Writing these posts has been harder this year than ever before, so that here on Gratitude I’m going to try to combine this Xmas trinity into one post. The writer’s block I’ve been suffering this year is undoubtedly partly due to my aging senior brain, where it gets harder and harder to get that bon mot off the tip of one’s tongue. But it’s been more than that.
One of my favorites among the raft of physicians I’ve acquired as my body disintegrates is my cardiologist, Stuart Barr. He’s a super smart, no nonsense guy, with a great sense of humor, who won me over by being and one of the only physicians I have ever seen who didn’t address my obesity as if they were revealing some expert diagnosis. In one of my first visits with him years ago, he pointed out how lucky I am to have lived so long when I have a serious risk of cardiac disease that killed my father and both of my grandfathers as young men. I wondered about his prognosis for me and I told him that my deepest hope was to be able celebrate Raven’s college graduation, when I would be almost 90 years old. “Not much chance of you making it to 90” he laughed. Maybe so, but one can hope.

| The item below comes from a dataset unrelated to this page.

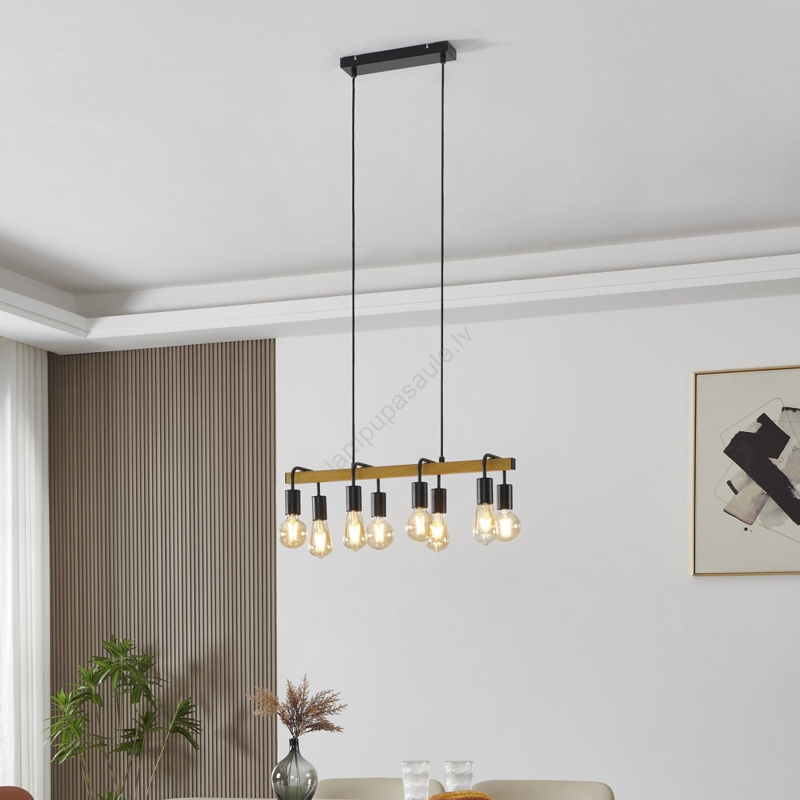 Eglo 43316 - Lustra uz kabeļa ERRIBERA 8xE27/40W/230V ozols/melns izceļas ar jauku un funkcionālu dizainu.  Spuldze ar E27 cokolu irpiemērota lampai. Šeit, varat iegādāties citas spuldzes par izdevīgām cenām. Tā būs interesants jūsu mājas papildinājums.

Any way you look at it, I am in the late December of my life, which gets more obvious every year, this one particularly when my Best Friend For Life, the amazing Christopher Richard, the only best friend I have ever had, was killed by an aggressive brain tumor. His loss was shattering to me, not just in losing his wisdom and support but also in the way his loss brought my own eminent mortality into horribly sharp focus. As I observed in my essay on Compassion, our grief seems proportional to the emotional distance from those we lose. I felt a similar unbraiding when my dear sister died, with both her and Christopher in my closest ring of relationship. Surprisingly the emptiness of Deena’s loss drew me here to these little girls, and years later here I am: still active, still with most of my wits to share with them. I hope my life after Christopher’s loss will be similarly filled, however short it may be.
I have gotten more life than I ever hoped for. I wish I had had the wisdom to spend more time hoping than fretting. My hopes may be more modest, but much more precious now. I hold on to the hope that I may be here to welcome Dr. Raven Pearl Booth Gray, and am profoundly grateful that I have been around long enough for her to build lifelong memories of our relationship, now I hope the same for Addie.
It is a profound curse of our cognition that we are so obsessed by our desires, then so often inured and ungrateful of their granting. I imagine these Holly Days as rituals to gain perspective on these foolish biases that the essential homeostasis of living makes inevitable. Certainly, the Santa wish lists of the tiny tots with their eyes all aglow are filled with hope, maybe a bit of greed, and surely they all grow up to try to respond generously to the wish lists of their own kids. There is always a letdown when the orgy of consumption that is Christmas passes, which I hoped this ritual of a Holly Day devoted to Gratitude might slake a bit.
I may feel bereft at all that I lost this year, but how can I not be grateful to have made it here know my kids as grown-ups, to experience the delight of my grandchildren, something my father never had. I could barely have hoped for my joy in the blossoming love of Adira and enduring love of my dear Rey. How amazing to have made this far! I am profoundly grateful to providence for the generosity it has shown in allowing these hopes to become reality.